I think it should be possible for Never to conform to ConvertibleToBytes, even though Never can't conform to ConvertibleFromBytes.
Padding bytes can be dependent on the specific value, not just on the type. That is, different values can have different padding bytes. For example, different cases of an enum with associated values can have different padding bytes. So it's possible for some values of a type to have padding bytes, and other values of the same type to not have padding bytes.
So, we can say that a type can conform to ConvertibleToBytes if and only if, for all values of the type, the value has no padding bytes. This is vacuously true for Never, because Never has no values. Therefore, Never can conform to ConvertibleToBytes.

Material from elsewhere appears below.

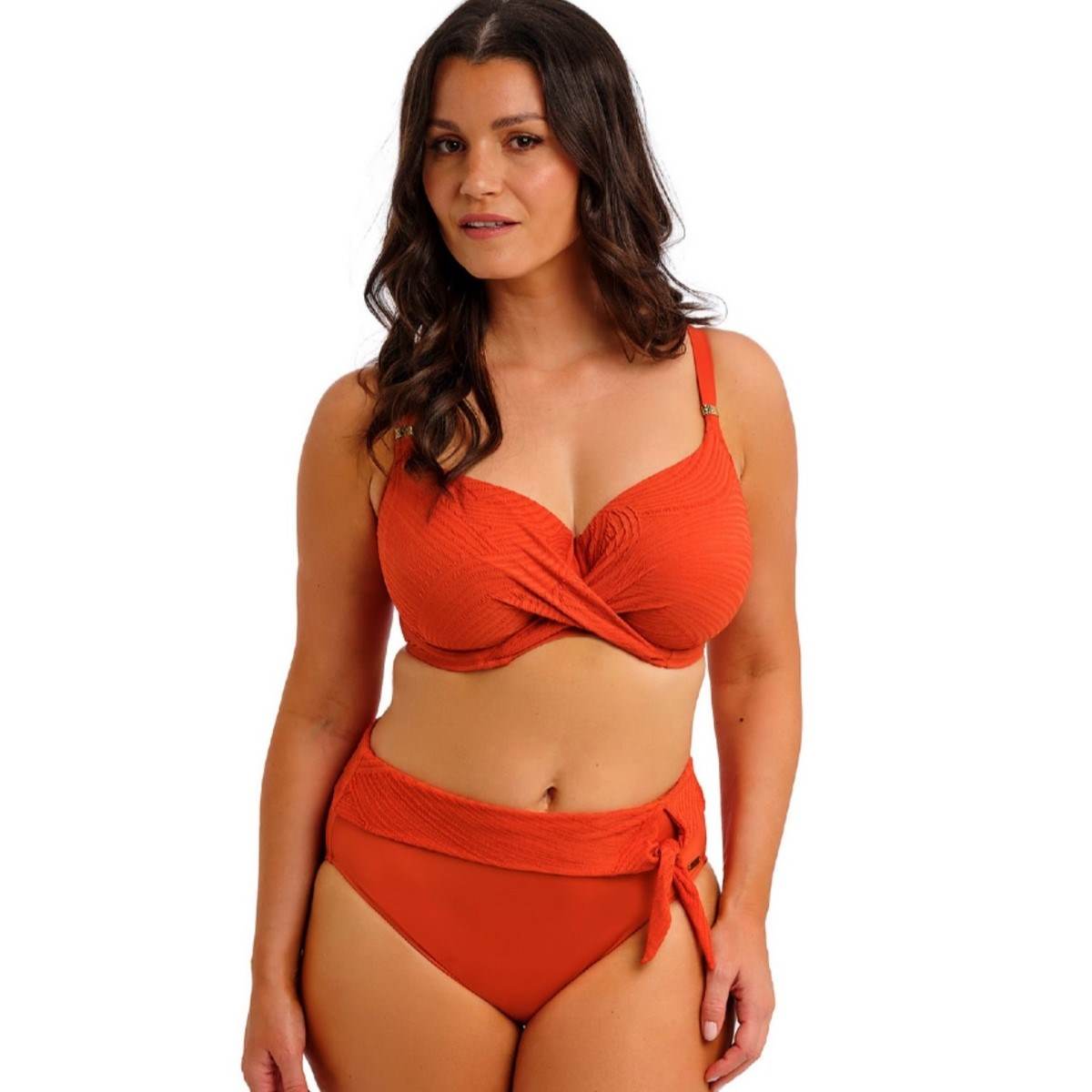 Discover our Ottawa High Waist Bikini Brief, designed for customizable coverage. The folded waistband with a tie detail allows you to adjust the waist rise according to your preference. This fully lined style offers both comfort and support. With a higher cut leg, it creates a flattering shape that accentuates your curves. Experience versatile and flattering swimwear with the Ottawa High Waist Bikini Brief.

I don’t disagree; the properties are modifications of the existing ones from SE-0447 and SE-0467; some of the new initializers are the ones required for the initializers, now made public.
This is interesting. The existing API on UnsafeRawBufferPointer have this shape, with defaulted parameter, and I’ve not seen this criticism of them.
Very simply, MemoryLayout<Never>.stride - MemoryLayout<Never>.size equals 1, ergo there is a padding byte. For now we only allow types for which size and stride are equal to conform to ConvertibleToBytes. In practice this should not matter though; what code can we write when Never conforms that cannot be written if it does not?
Thanks for the discussion of memcpy; I’ll look some more into the shortcomings.